Со времен, когда спектакль поставили и сняли, прошло тридцать лет. Память избирательна, а уж для меня склеротическая формула «помню как сейчас» совсем ненадежна: я служил тогда под знаменами Вадима Голикова завлитом и, стало быть, переживал эту драму изнутри. Объективности не способствует.

Голиков когда-то, бурча под нос, признался мне, какой видел сон: огромный пень, а на нем Сергей Дрейден бесконечно наматывает на бесконечно длинную свою ногу алую шелковую портянку. У спящего режиссера не было сомнений в том, что именно этот пень когда-то был древом, под которое Курослепов приглашал Градобоева выпить, и что Дрейден не кто иной, как плейбой Наркис, а экзотические портянки ему, разумеется, подарила любившая его Матрена. Так почти не бывает, чтобы первоначальный образ-толчок вошел в спектакль, но в «Горячее сердце» он был перенесен буквально: выпить приглашали серьезно, не замечая, что древо давно спилено, Дрейден в каком-то шаманском стиле мотал свою бесконечную портянку, а молодая Матрена — Марина Мальцева его на самом деле любила. И Курослепов - Николай Дмитриевич Харитонов, который и пьяный про это забыть не мог, молча загонял Матрену в глубину сцены, и возвращались оттуда она — пошатываясь, а он — застегивая ширинку. Изнасиловал - иначе ни мстить, ни любить не умел.

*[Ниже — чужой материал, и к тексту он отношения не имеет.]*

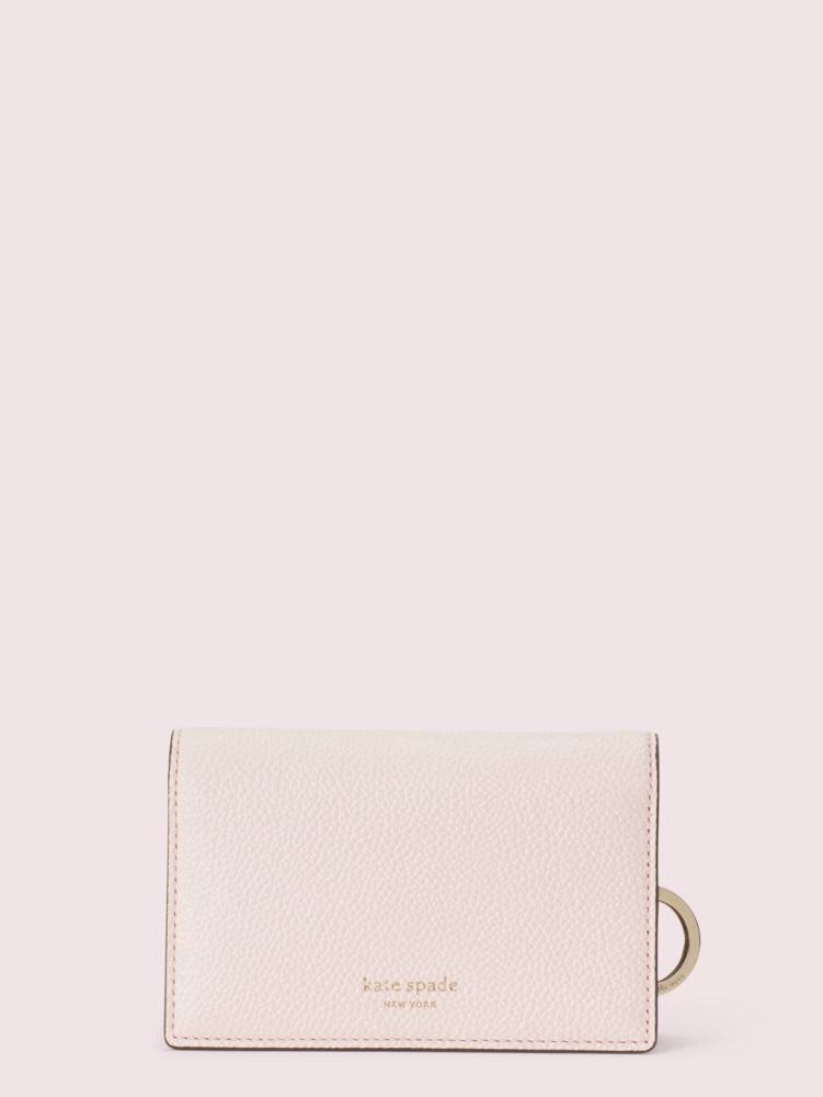 here's a way to keep all of your absolute, can't-leave-the-house-withouts in one place. our small key ring wallet has card slots, slip pockets, a zippered coin compartment and a clip for your house keys. other important details worth noting: it's made from refined grain leather and has a round slip pocket on the back is inspired by the curves of a scallop.

И ухарь Вася — Валерий Никитенко свою Парашу тоже любил, но очень уж как-то по-актерски, еще до того, как пошел в шуты к Хлынову. Зато Гаврило любил ее исключительно духовно: тощий и с безумными глазами Георгий Васильев то прижимал к груди некую книжицу, в   которой, наверное, было записано что-то возвышенное, то, как суриковская боярыня свое двуперстие, клятвенно вздымал это евангелие-цитатник, и голос его заходился высоким треском. Последним в компании возникал Хлынов. Вячеслав Захаров, который уже тогда знал, что он по внешним данным комик, а по внутренним трагик, это коротко и сыграл: молодой Хлынов испытывал жизнь на подлинность. Он то яростно куролесил, то вдруг застывал в каких-то каталептических позах; поводы были разные, причина одна — обреченность, о которой он не то чтобы знал (думать тот Хлынов, кажется, совсем не умел), но сердцем именно чувствовал, и рвала его злая горечь.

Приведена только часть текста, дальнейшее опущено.